Scientists associate the trend towards a “hidden” course of coronavirus infection with genetics. This is a gene responsible for the perception of a virus.

Researchers from Newcastle University in the UK have found out why people with COVID-19 do not get sick and carry the infection without symptoms. 

Scientists believe that the answer to this question is hidden in genetics. In particular, they argue that the HLA-DRB1*04:01 gene is found in people with asymptomatic coronavirus. Namely, it is responsible for not accepting the infection.

The experiment involved 49 patients with a severe course of COVID-19 and 69 – in whom the disease proceeded in a “latent” form.

 “This is an important finding as it may explain why some people catch Covid but don’t get sick,” says Dr. Carlos Echevarria from the Translational and Clinical Research Institute as cited by Science Daily.

“It could lead us to a genetic test which may indicate who we need to prioritize for future vaccinations,” Dr. Echevarria one of the study co-authors of the paper adds.

At a population level, this is important for us to know because when we have lots of people who are resistant, so they catch Covid but don’t show symptoms, then they risk spreading the virus while asymptomatic.

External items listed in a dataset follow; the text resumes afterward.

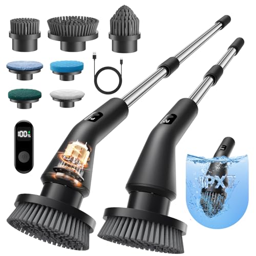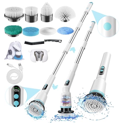 Electric Cleaning Brush, Electric Spin Scrubber with Long Handle, IPX7 Bathroom Cleaning Brush with LED Display, Bathroom Scrubber with 2 Spin Speeds, 7 Brush Heads for Shower, Tub, Kitchen
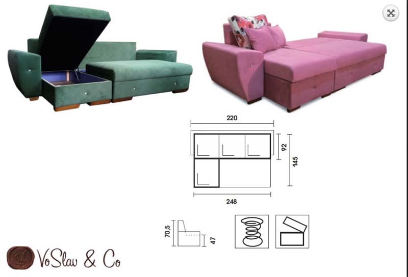 габаритні розміри довжина дивана 293.0 (см) глибина дивана 190.0 (см) Висота посадкової частини дивана 45.0 (см) Висота дивана з урахуванням спинки 80.0 (см) Розміри спального місця Довжина спального місця 263.0 (см) Ширина спального місця 132.0 (см) Матеріал виготовлення каркас дивана натуральне дерево, ДСП, ДВП Підстава спального місця дерев’яні ламелі опори дерево
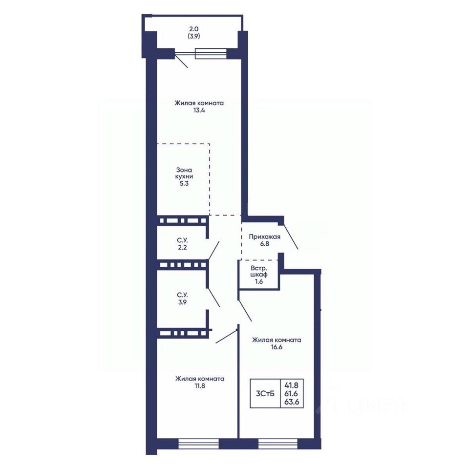 Продаётся 3-комнатная квартира в строящемся доме (Дом 3), срок сдачи: I-кв. 2028, общей площадью 63.6 кв.м., на 6 этаже. Жилой квартал ''Сподвижники'' от компании Vira.

In addition, it became known that the specified gene is subject to latitude and longitude. Thus, it can be in the population of Northern and Western Europe.

Some of the most interesting findings were the relationships between longitude and latitude and HLA gene frequency. It has long been known that the incidence of multiple sclerosis increases with increasing latitude. This has been put down in part to reduced UV exposure and therefore lower vitamin D levels. We weren’t aware, however, that one of the main risk genes for MS, that is DRB1*15:01, directly correlates to latitude.

This highlights the complex interaction between environment, genetics and disease. We know some HLA genes are vitamin D responsive, and that low vitamin D levels are a risk factor for severe COVID and we are doing further work in this area.

However, experts emphasize that asymptomatic COVID-19 can infect other people.